I’m really enjoying this drive through the desert. There’s so much to see. Cacti, rocky plateaus, rolling vistas, the occasional coyote on roller skates with a giant magnet on his back, tumbleweeds.
Caught my son on an archaeology website looking at dirty pitchers.
Updating my 2014 MacBook and you would think I am diffusing a bomb. It’s been two hours and the fan is going so hard it sounds like it’s preparing for take off
[first day on SWAT team]
SWAT #1: The target is inside.
SWAT #2: Let’s break down the door.
ME: I got this… [knocks] “GIRL SCOUT COOKIES!”<door flies open>
Why’d they call it “The Empire Strikes Back” and not “Cool Hand, Luke”?
Are you thinking of putting a dozen Cheerios in a ring box on the kitchen counter with a sign that says “Honey, I Shrunk The Donuts”, just to keep your marriage exciting, or are you normal?
Told my 4 yo that his hamster died and that was in heaven with God. 4yo: Why would God want a dead hamster?
[watching scary part of movie]
10YR OLD: don’t worry, Dad… I’ll just delete my brain file that’s recording this part before I go to bed
ME: [trying not to appear visibly freaked out] cool
A reporter is just a porter who forgot to get all the bags the first time
There you go again, overusing big words like some kind of tweeting sesquipedalian.
Idiot.
I name photos of me stroking animals in files called “Fireworks and big dogs.jpg” so my cats won’t find them on my computer.
Turns out my superpower is the ability to go into incredible detail in completely the wrong direction.
Sometimes I think I’d do great during a zombie apocalypse. Then I remember that week I went without a microwave and how much I cried.
DRIVING CLASS: 10 and 2
REAL LIFE: 7 and french fries
WIFE: let’s get a rhododendron
ME: I hate dinosaurs no thanks
WIFE: it’s not a dinosaur
ME: What is it?
WIFE: it’s hard to describe without a thesaurus
ME: I said no dinosaurs
Wow, it’s a beautiful day outside. I should probably do something. *closes the blinds so there isn’t a glare on my screen*
~ Developers
Happy birthday to rapper Pitbull who is 34 today, or 238 in dog years for all the other Pitbulls.
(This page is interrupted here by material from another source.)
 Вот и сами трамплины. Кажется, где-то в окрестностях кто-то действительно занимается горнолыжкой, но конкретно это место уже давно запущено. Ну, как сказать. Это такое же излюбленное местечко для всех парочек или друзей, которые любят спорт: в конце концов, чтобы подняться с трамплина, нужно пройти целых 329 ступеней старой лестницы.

Grandma used the same wrapping paper for 25 years, so don’t tell me about the great ‘bargain’ you found.
BOSS: I want to see you in my office.
ME: Wow, thanks. You can have my cubicle.
the pigeons are already plenty salty
We skipped the hour where I was supposed to exercise. Oh well, Maybe next year.
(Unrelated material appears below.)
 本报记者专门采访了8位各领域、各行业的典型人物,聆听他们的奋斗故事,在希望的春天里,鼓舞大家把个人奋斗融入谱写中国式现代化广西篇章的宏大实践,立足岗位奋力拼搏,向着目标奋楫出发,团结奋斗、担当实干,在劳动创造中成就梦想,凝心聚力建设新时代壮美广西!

My wife is in the kitchen and she will not bring me a beer here in the living room. That’s it…gonna text her and say “I cannot believe how lazy you are.
Enter new password
“336Hours”
Your password is two weeks
If Dracula bit my neck, KFC gravy would just come out
I feel like the person who named pink eye also named orange juice.
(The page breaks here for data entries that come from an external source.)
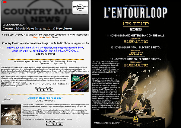 Here is your Country Music News of the week from Country Music News International Magazine & Radio Show.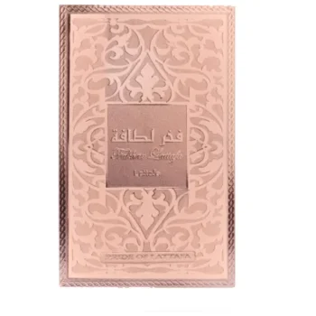 فاطمة بينك – باقة زهور عصرية، هذه الرائحة مليئة بالتفاصيل الدقيقة مع مزيج من النغمات الحلوة والحسية. يتألق هذا العطر بتوافقات زهرية، حيث تهيمن عليه رائحة الورد والياسمين مع مزيج من الروبارب، البرغموت، وجوزة الطيب. الفانيليا تبرز الحسية في التكوين في القاعدة مع المسك، العنبر، والفاتيفير.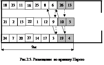 2-й способ. Во избежание больших перемещений внутри склада Парето-анализ можно проводить по рядам. Разместите ассортиментные позиции исходным образом (рис. 2.6).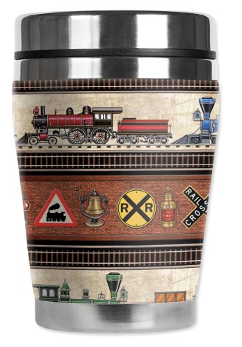 Mugzie Trains & Signs "Mini" Travel Mug with Insulated Wetsuit Cover, 12 oz, Black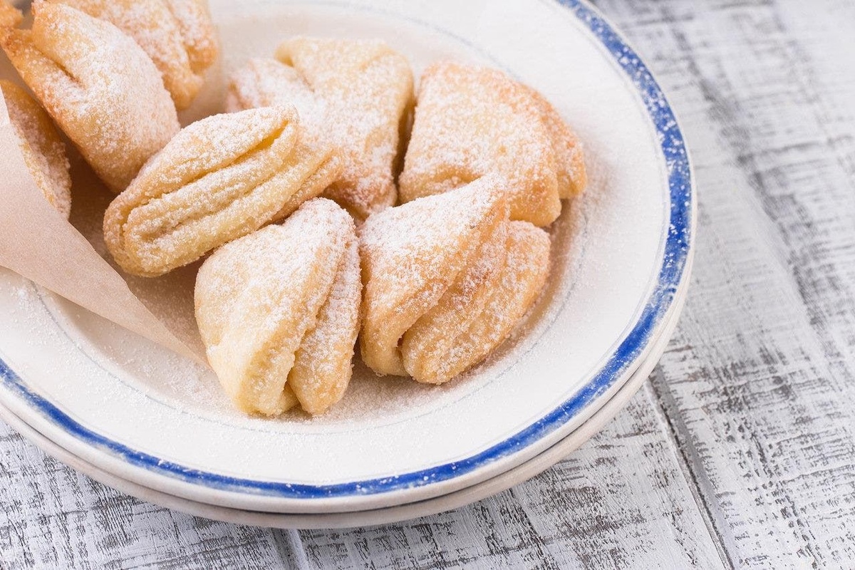 Формирование: Раскатайте охлажденное тесто, вырежьте кружочки. Обмакните их в сахар с корицей, сложите пополам, снова в сахар, затем еще раз пополам.

My girlfriend wants me to stain the new wooden fence in her backyard. So I’m going to eat spaghetti over it for a few weeks
Oh, you’re with child? That’s cool. I’m with vodka.
*rubs belly*
My dog is never excited if I’m the first one down the stairs in the morning. It’s all just panic and accusations.
“Oh no, where’s Mommy? Is Mommy gone? What have you done with Mommy?”